Society, I thought had moved on, and no longer expects, in this country at least, people who weren't compatible for whatever reason they choose to stick together, in misery or for fear of others thinking they had something wrong with them.

lorelei9 · 02/10/2015 13:20

flower, I'm in London and still find many single women saying they would like a partner, but as I say, increasingly wonder if they are just saying it.

I wonder if we should have a thread about single by choice and loving it?

ToGoBoldly · 02/10/2015 13:20

One of the best things about being single for me is that I have had time to broaden my mind and not blindly sink into certain domestic tasks falling to one gender. I haven't been lazy enough to not bother learning how to do man jobs like using a power drill because I don't have a man to do it. I bloody love using a power drill. I'm sure many single men have not been lazy enough to not learn to cook because they don't have a replacement mum wife or girlfriend to cook for them.

Disclaimer - I'm also sure many coupled men know how to cook, and coupled women know how to do DIY! And single men and women who don't bother to learn tasks. But I don't think it's right to see men as sex providers and DIY tools, nor women as sex providers and domestic appliances. People are so much more than that, and it's why we have relationships (romantic or otherwise) at all, otherwise the entire world could just survive on brothels and machinery.

ExasperatedAlmostAlways · 02/10/2015 13:24

Not men, but I know quite a few women like this.

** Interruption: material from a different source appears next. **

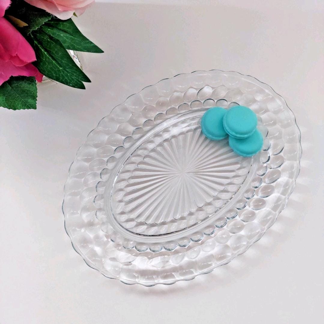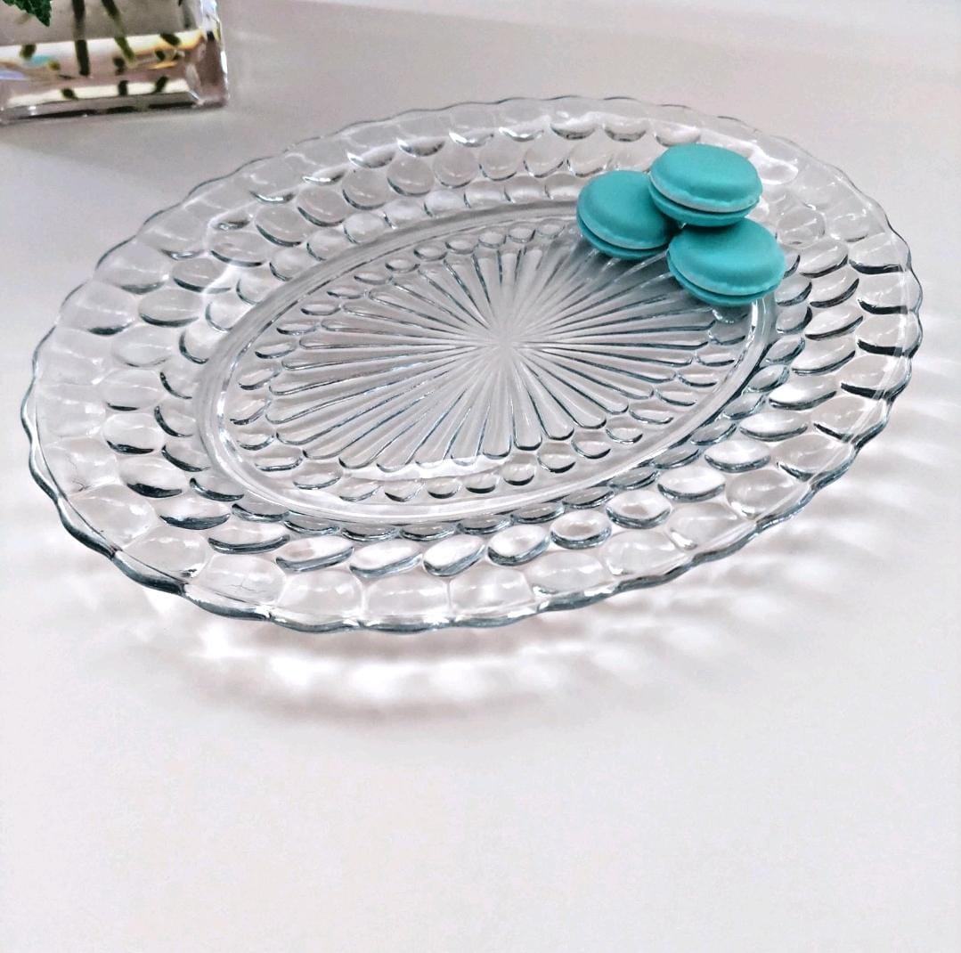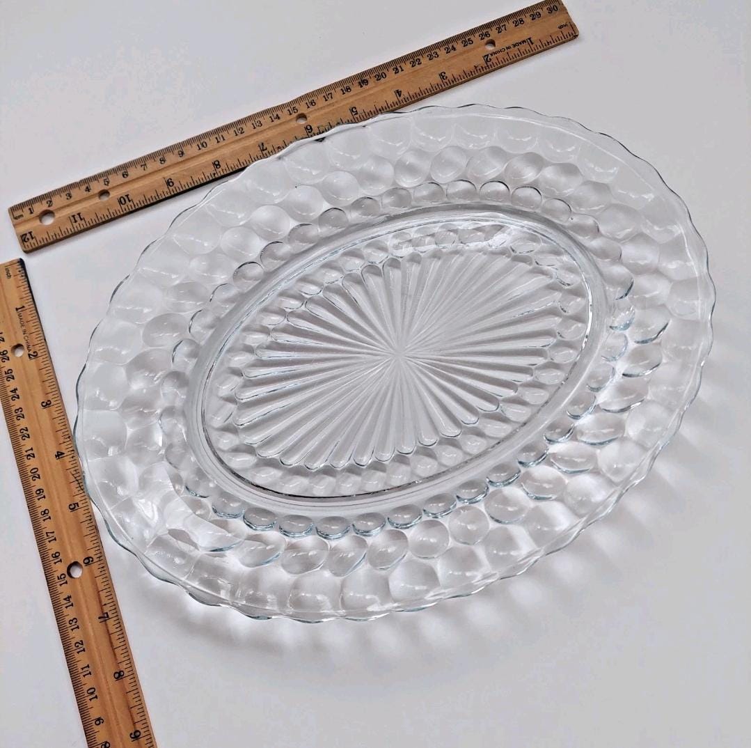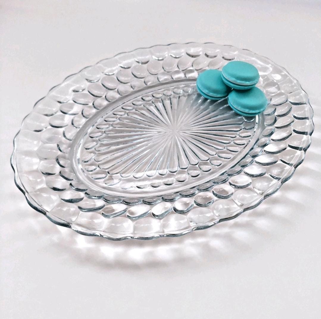 Lovely sapphire blue depression glass platter made by Anchor Hocking in the bubble glass pattern. Circa 1940's

My husband jokes the women in his family in his generation are cursed because they are all single. His sisters in her late 40s she has an on/off partner but she's devastated she never had children.

His cousin who is 35 is gorgeous, clever, has a good job, she's lovely, bubbly, funny and is unmarried. His other cousins 36, ditto for her. His little cousins only 28 and the same but she's never had a long term relationship. I know quite alot of women in the same boat. They would all like to find someone nice to settle down with but fear it won't happen until it's too late to have children.

I kind of think you need to meet someone fairly young these days where we live or all the decent ones are taken. We live in a fairly medium sized town where everyone knows everyone and the guys that are left are not the settling down with type. Oh also his male cousin is 32 and he's still single and never had a relationship but hes a party animal. Out of them all my husband and his brother are the only ones so far to be married or have children.

donajimena · 02/10/2015 13:26

I rent. Should I give up now? Confused

Flowerpower41 · 02/10/2015 13:58

Yes please somebody open up a single and loving it thread! Am really enjoying reading all the above on this thread.

I find learning to do diy tasks stressful on health grounds - I am borderline Asperger's and cannot endlessly multitask it would engender a huge hyperanxiety phase and other symptoms I won't bore you about.

Gabilan · 02/10/2015 14:31

"as I don't go in for 'grooming', people probably judge me and think I couldn't get someone."

I can, when I want to, scrub up well. This is because I make sure I do stuff like brush my teeth twice a day and I get a lot of exercise so I stay fit. However, every day I consider it a challenge to wear at least three things my mum has knitted. It's also nigh on impossible to stay groomed when around horses, ironically enough. I quite like challenging people's perceptions of what I "should" look like. Yes, if I go out for the evening I make an effort. But there may well be people looking at me and thinking "no wonder she's single, look at that woolly jumper".

Oh and yes, I do my own DIY stuff. It's not that difficult and doesn't require much physical strength so long as you've got power tools and enough basic mechanical knowledge to understand leverage.